A HUMOUROUS and revealing diary of drunkenness has been produced by a Weymouth-born photographer.

Peter Dench, who is now based in London, has just had A& E: Alcohol & England published containing 134 images spanning 1998 to 2008 when the English were drinking ‘younger, longer, faster and more cheaply’ than ever before.

Two of the images featured in the book are from Weymouth – the first is of a man drinking Guinness in a nautical-themed bar on the Esplanade and the second of an Oktoberfest-themed evening at Weymouth Pavilion.

Peter says his book offers a visual history of drinking – the nation’s favourite legal high.

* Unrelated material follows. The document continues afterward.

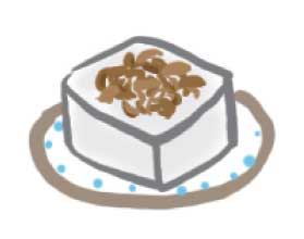 冷奴がおいしい季節になりました。 体にとってもうれしいお豆腐を、毎日食べたいものです。 ビールのおつまみに、ご飯の一品に! ねぎ 小口切りが定番ですが、白髪ねぎにすると違った食感が楽しめます。 みょうが ![]() 薄切りにして、水にさらしてどうぞ。 生姜 すりおろしはもちろん、生姜の香りを楽しみたい方は細い千切りに。 削り節 ![]() 削り節の健康パワーで栄養アップ! キムチ納豆 キムチは細かく切ると、舌触りがよい。納豆は、ひきわりがおすすめ。 梅オカカ 細かくたたいた梅を、削り節と混ぜます。梅の風味がさわやか! オクラとじゃこ 熱湯でさっとゆがいたオクラを小口切りにしてじゃこと混ぜます。 ニラ・ごま油 ニラはさっとゆで、冷水に浸し水気を絞ってから豆腐にのせ熱々のごま油をかけて。 パリパリの桜えびのアツアツのごま油をかけて ![]() 桜えびをから削りし、豆腐にのせた後熱々のごま油をかけて。 カリカリお揚げとさっぱりおろし。 細切りにした油揚げを網やトースターなどで焼き、だいこんおろしを添えて。 大葉・ポン酢すり胡麻 ![]() ポン酢にすり胡麻を混ぜ、大葉をのせた豆腐にたっぷりかけてどうぞ。 豆腐の栄養 ■健康食 ■美容食 ■長寿食 畑のお肉といわれる大豆からつくられる豆腐は、 良質なたんぱく質や脂質の含有量が多い栄養価の高い食品です。 豆腐に含まれるたんぱく質は、含有量が多いうえに食物からしか取れない「必須アミノ酸(8種類)」が バランスよく含まれるため、栄養価が高く良質であるという特質があります。 最近では、ガン・高血圧・動脈効果・心臓病・糖尿病あるいは 成人病・肥満等々発症の抑制や回復、健康維持に果たす食品の機能(機能性食品)が注目されています。 大豆は消化のよくない食物とされていますが、豆腐として摂取すると、92〜82%消化吸収されます。 そのため、一般の人はもちろん病人・老人・離乳食にも適しています。 ■タンパク質・リノール酸 血圧・コレステロール抑制 ■レシチン 脂肪代謝・脂肪肝にも ■レシチン・コリン 記憶力アップ・ボケ防止に ■サポニン 活性化酸素抑制・成人病予防 ■イソフラボン 女性ホルモン効果・骨粗鬆症 ■トレフシンインヒビタ 糖尿病の治癒や予防に期待 ■オリゴ糖 腸内の善玉菌・ビフィズス菌を増やす。 ■ビタミン類 美肌などに効果 ■カルシウム 骨や歯、ストレスにも効果 特集TOP エスライフTOP |

He said: “For the first 18 years of my life, home was never more than a few minutes’ walk from the seaside.

“Devenish Brewery, where both of my parents worked, provided the Dench family home.

“Each fortnight my dad would get an allowance of a crate of bottled beer.

“If I got up early enough on a weekday I might get to drain what the adults had left from the night before. I liked the taste, still do.

“The first time I got properly drunk was aged 12 at my former junior school summer fete.”

Peter first got into photography through taking pictures of local wildlife in Weymouth’s nature reserves.

He then went on to study at Bournemouth and Poole College of Art.

“After enrolling for a course at what was then known as Bournemouth & Poole College of Art & Design, a career making images looked promising.

“Aged 19, browsing through the books of Martin Parr, Elliot Erwitt, Paul Reas, Paul Graham and Greg Leach in the college library, I began to take photography seriously as a career.

“If you could travel the world, make people think and make them laugh, that was a fine way to live.

“If you could do all that with a drink in your hand, then that was the life for me,” he said.